**** Information shown ****
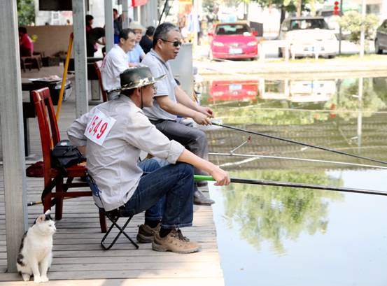 選手們擺好架勢(shì)開始釣魚
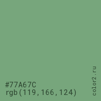 Цвет #77A67C в цветовой модели RGB обозначается тремя октетами (119, 166, 124) в десятичном формате и #77A67C в шестнадцатиричном (hex) формате, которые являются интенсивностью красного 119 (hex 77), интенсивность зелёного 166 (hex A6) и интенсивность синего 124 (hex 7C).
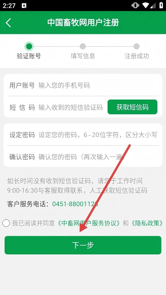 4、在【中国畜牧网用户注册】页面,填写相关信息,勾选同意相关协议后,点击【下一步】,继续完成注册。
****
#### Your assignment:
Please print the listing above again word for word, without its pictures.

#### Completed task:
 選手們擺好架勢(shì)開始釣魚
 Цвет #77A67C в цветовой модели RGB обозначается тремя октетами (119, 166, 124) в десятичном формате и #77A67C в шестнадцатиричном (hex) формате, которые являются интенсивностью красного 119 (hex 77), интенсивность зелёного 166 (hex A6) и интенсивность синего 124 (hex 7C).
 4、在【中国畜牧网用户注册】页面,填写相关信息,勾选同意相关协议后,点击【下一步】,继续完成注册。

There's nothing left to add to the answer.